Modern cloud datacenters support a wide range of distributed and data-intensive applications, from machine learning training to large-scale analytics and microservices. However, the networking abstractions available to these applications remain largely unchanged, continuing to expose a low-level, byte-stream interface that lacks awareness of application semantics. This rigid separation between applications and the network prevents cross-layer optimizations, forcing applications to either remain oblivious to network conditions or implement inefficient, ad hoc workarounds.

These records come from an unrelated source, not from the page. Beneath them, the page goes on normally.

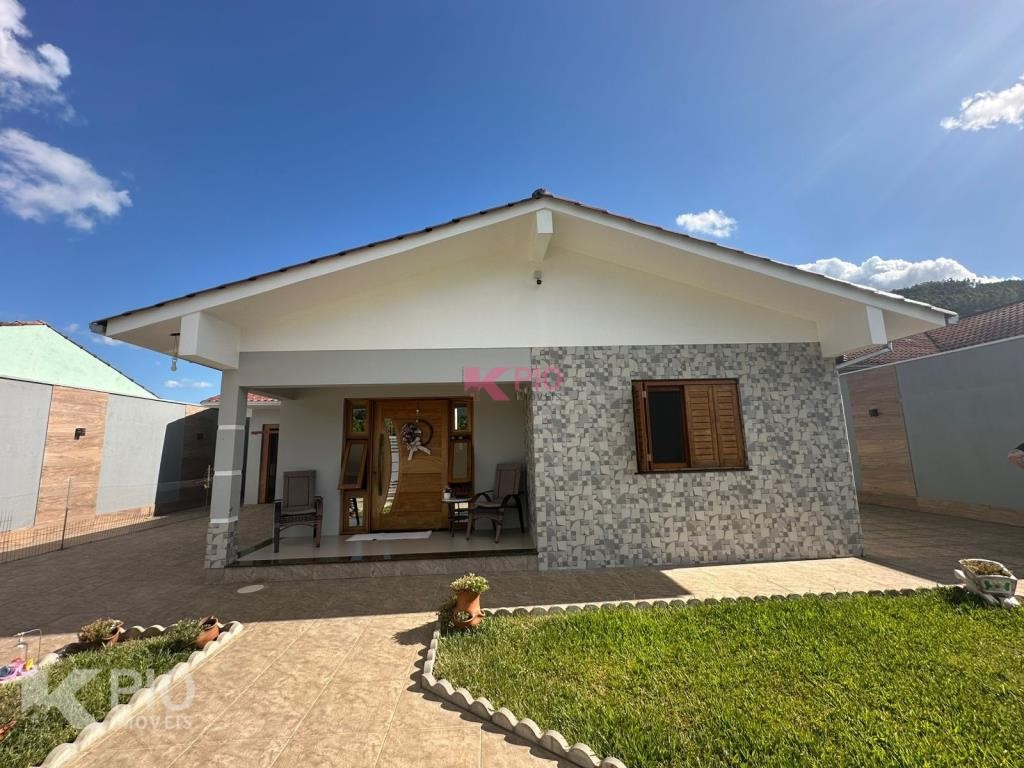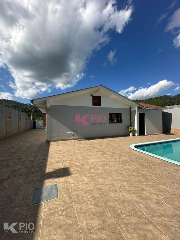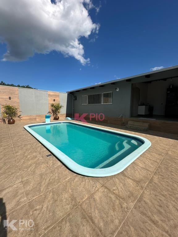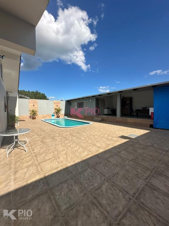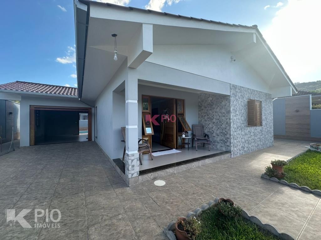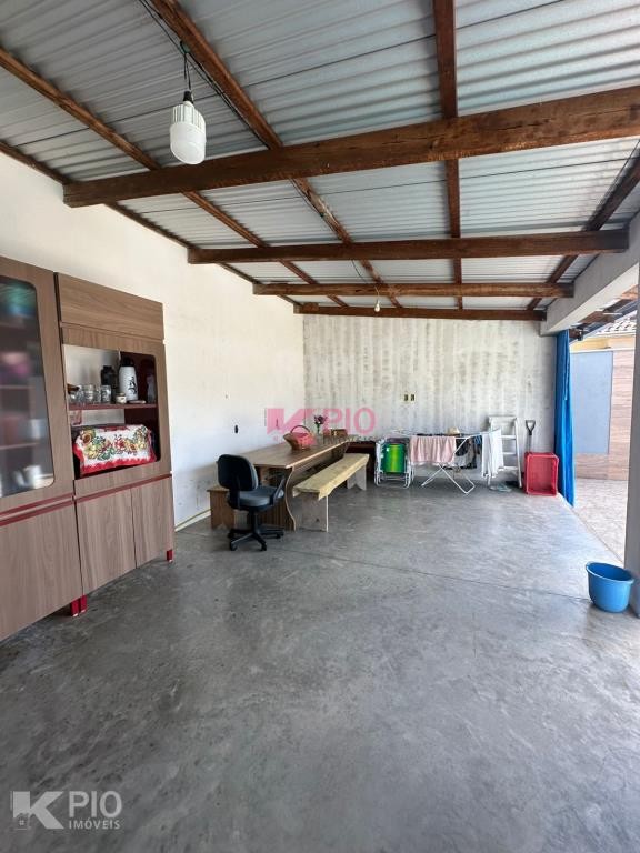 Casa de alvenaria com 3 dormitórios, sala, cozinha, banheiro, área de serviço, 1 vaga e com banheiro social. Também possui um quiosque com 1 quarto, cozinha e lavandria. Com câmeras de segurança, piscina, churasqueira e portões eletrônicos.
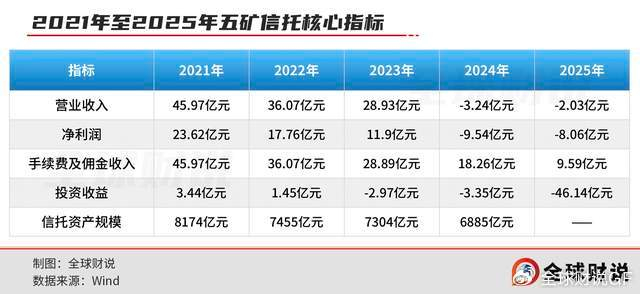 2026年1月中旬,五矿资本披露了五矿信托2025年度未经审计财务报表,数据显示,五矿信托全年营业收入为-2.03亿元,净利润为-8.06亿元。
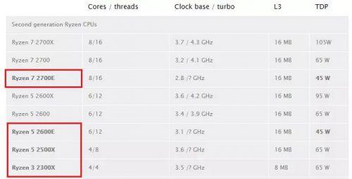 最后值得一提的是,AMD二代锐龙处理器还出现了两款新品控产品,型号为“R7 2700E”、“R5 2600E”,这也是AMD处理器首次以“E”结尾,从功耗设计仅45W来看,显然是低功耗版本,性能相对较低一些,有可能是面向移动(笔记本)市场的产品。
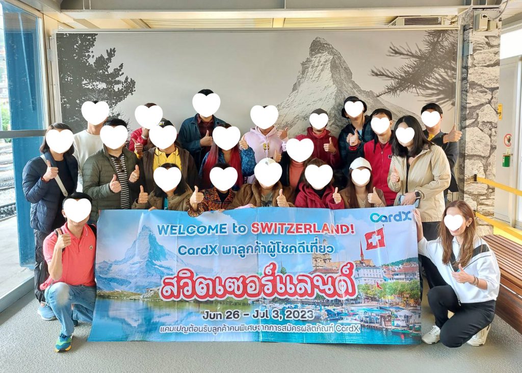 บิลเลี่ยน เดสติเนชั่น ขอขอบพระคุณ บริษัท คาร์ด เอกซ์ จำกัด ที่ไว้วางใจให้ทางเราได้ดูแลการจัดทริปท่องเที่ยวระดับพรีเมี่ยมให้กับผู้โชคดีค่ะ ซึ่งครั้งนี้ลูกค้าเลือกท่องเที่ยว ณ ประเทศสวิตเซอร์แลนด์ ช่วงวันที่ 26-3 กรกฏาคม 2566 นำทุกท่านเดินทางท่องเที่ยวทั่ประเทศสวิตเซอร์แลนด์ แวะแลนด์มาร์กสำคัญ ชมวิวทิวทัศน์สุดอลังกาลและอิ่มอร่อยไปกับอาหาร เต็มไปด้วยความสนุกสนาน รอยยิ้ม และความประทับใจ ทางทีมงานต้องขอบพระคุณจริงๆค่ะ
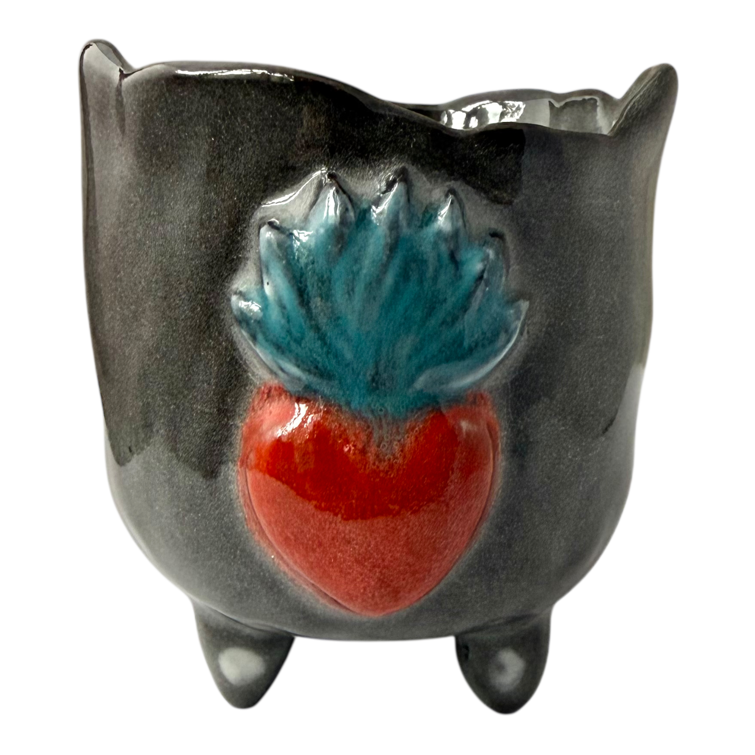 こちらの作品は、メキシコにあるハートから炎が出ているモチーフ「コラソン」のぷっくり装飾をつけたデザインです。
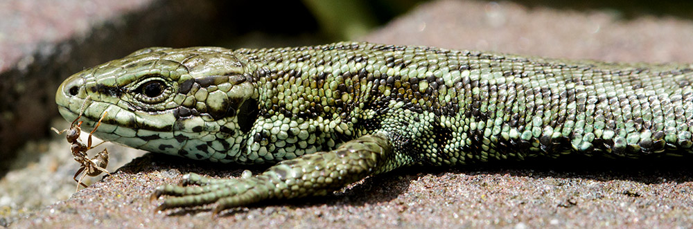 25 Jun 2016Very brave ant. Knowing that lizards eat small insects, I am surprised this one is still alive. Ants may not be on its menu, though…

To address this gap, this dissertation explores pushing networking abstractions up the stack, enabling closer integration between application communication semantics and network infrastructure. Specifically, it investigates how cloud applications can leverage richer, intentaware networking services rather than treating the network as an opaque transport layer. By doing so, we can bridge the divide between application logic and network behavior, improving efficiency, adaptability, and manageability in cloud environments.

We present two fully implemented systems and one forward-looking design proposal that exemplify this approach. NetHint enables applications to dynamically optimize data transfers by exposing real-time network hints, breaking the cloud’s black-box networking model. It improves collective communication throughput by up to 2.7ˆ by allowing applications to adapt to network conditions. mRPC rethinks Remote Procedure Call (RPC) handling by moving it into a managed OS service, eliminating redundant processing in per-application proxies and reducing RPC latency by up to 2.5ˆ. Finally, NUSE explores a more flexible, hybrid kernel-userspace networking architecture, demonstrating how the OS itself can evolve to support diverse application-specific network processing needs. While NetHint and mRPC focus on immediate performance gains, NUSE represents a broader vision for making networking extensible in future cloud platforms.

Together, these contributions validate the core dissertation statement: that a closer integration between application communication semantics and network infrastructure is essential to improving efficiency and flexibility in cloud datacenters. By breaking traditional abstraction barriers and enabling controlled information sharing across layers, we achieve significant gains in performance, manageability, and scalability, without sacrificing security or generality. By exposing richer network semantics and shifting key communication services into the system layer, we pave the way for more efficient, adaptable, and programmable cloud networking architectures.